Allgame gave a review score of 4 out of 5 stars praising the graphics and sound being "exceptionally arcade-like" and the controls and play mechanics being faithful to the arcade version.

==Legacy==
===Re-releases===
The NES version, along with its predecessor, was re-released in 1988 in an NES compilation titled Donkey Kong Classics. This version was later released on the Nintendo e-Reader and is available on the Virtual Console for the Wii. The NES version is also a playable game in Animal Crossing, though a special password is needed from an official website which is now no longer available. Donkey Kong Jr. was made available for the Nintendo 3DS from the Nintendo eShop, released in Japan on April 18, 2012, in North America on June 14, and in Europe on August 23 and was given away free to the Ambassadors users before the full release. It was again released for the Wii U Virtual Console in 2014. The arcade version of Donkey Kong Jr., featuring both the Japanese and American versions, was released by Hamster Corporation for the Nintendo Switch as part of the company's Arcade Archives series in December 2018. The NES version was released on the Nintendo Classics service on May 15, 2019.
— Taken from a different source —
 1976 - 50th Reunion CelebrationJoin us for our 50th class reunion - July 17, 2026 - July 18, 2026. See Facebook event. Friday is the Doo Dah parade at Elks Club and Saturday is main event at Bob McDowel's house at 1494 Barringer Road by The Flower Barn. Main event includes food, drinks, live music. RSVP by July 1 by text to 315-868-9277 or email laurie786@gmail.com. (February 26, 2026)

In 2004, Namco released an arcade cabinet containing Donkey Kong, Donkey Kong Jr., and Mario Bros.

===Competitive play===
On August 10, 2008, Icarus Hall of Port Angeles, Washington, scored 1,033,000 points playing Donkey Kong Jr.
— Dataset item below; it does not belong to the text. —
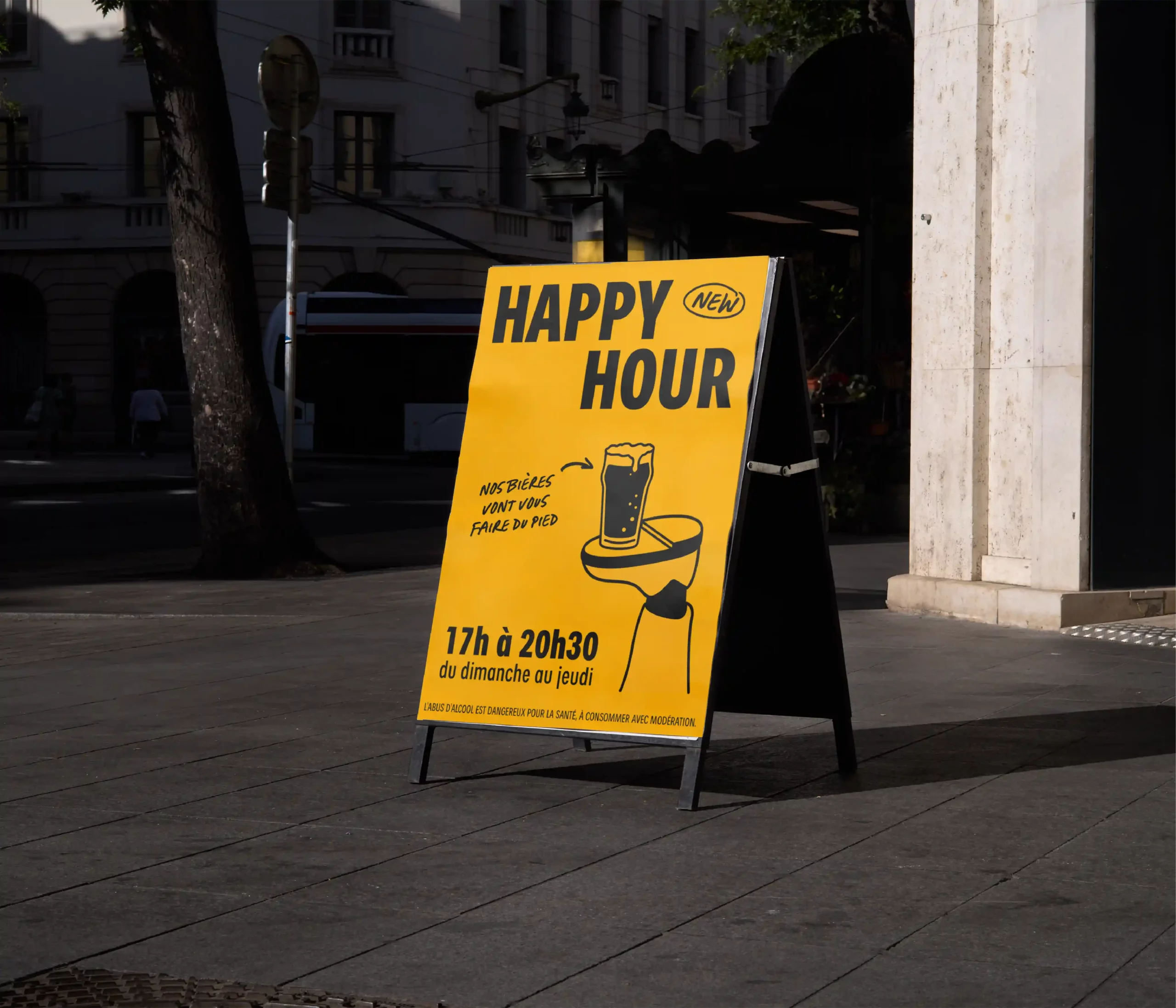 L’ensemble forme un système graphique simple, qui s’applique facilement sur les affiches, les menus et les réseaux sociaux. L’accumulation des visuels et des messages permet de créer quelque chose de vivant, en lien direct avec l’ambiance du bar.

On April 24, 2009, Steve Wiebe eclipsed Hall's score, finishing with 1,139,800 points. On September 3, at 1984 Arcade in Springfield, Missouri, Mark L. Kiehl of Enid, Oklahoma surpassed Wiebe's record with a score of 1,147,800. Steve Wiebe regained the record with a score of 1,190,400 on his home machine set on Tuesday, February 16, 2010. Mark Kiehl has since eclipsed the previous world record with a score of 1,307,500. In November 2016, Kiehl improved the record with a score of 1,412,200.
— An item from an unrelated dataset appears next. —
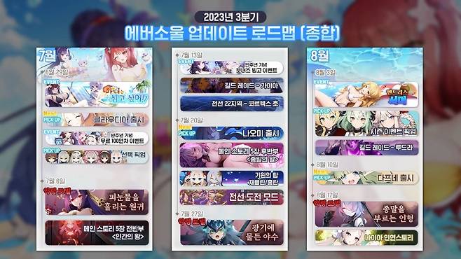 물론 계획하고 있다. 현재 3분기에 나이아와 니니가 계획되어 있으며 4분기에 하루, 플린, 도라 업데이트를 목표로 하고 있다. 여러분이 좋아하시는 페트라는 내년 초가 될 것 같다.

On July 3, 2023, Justin Elliott performed a score of 1,584,400 live on his Twitch channel to secure the World Record. The score was independently verified by the Donkey Kong Forum as well as Twin Galaxies.

===In popular culture===
The game spawned a cereal with fruit-flavored cereal pieces shaped like bananas and cherries.

The game was featured on numerous episodes of Starcade. Host Geoff Edwards noted that he had the arcade machine in his dressing room and found the game to be highly difficult.

Donkey Kong Jr. was featured in Saturday Supercade (a series that aired on Saturday mornings from 1983 to 1985) with the title character voiced by Frank Welker.

Donkey Kong Jr. is one of the 8 playable characters in Super Mario Kart for the SNES. This version was released as a racer in Mario Kart Tour alongside Mario from the same game in 2020. He is also a playable character in Mario's Tennis on Virtual Boy and Mario Tennis on the Nintendo 64.

In the version of Super Mario Bros. 3 seen in Super Mario All-Stars, as well as the Game Boy Advance version, the king of World 4 was transformed into a young gorilla identical to Donkey Kong Jr.

Donkey Kong Jr. is among the characters in Super Mario Maker that players can transform into by use of Mystery Mushrooms.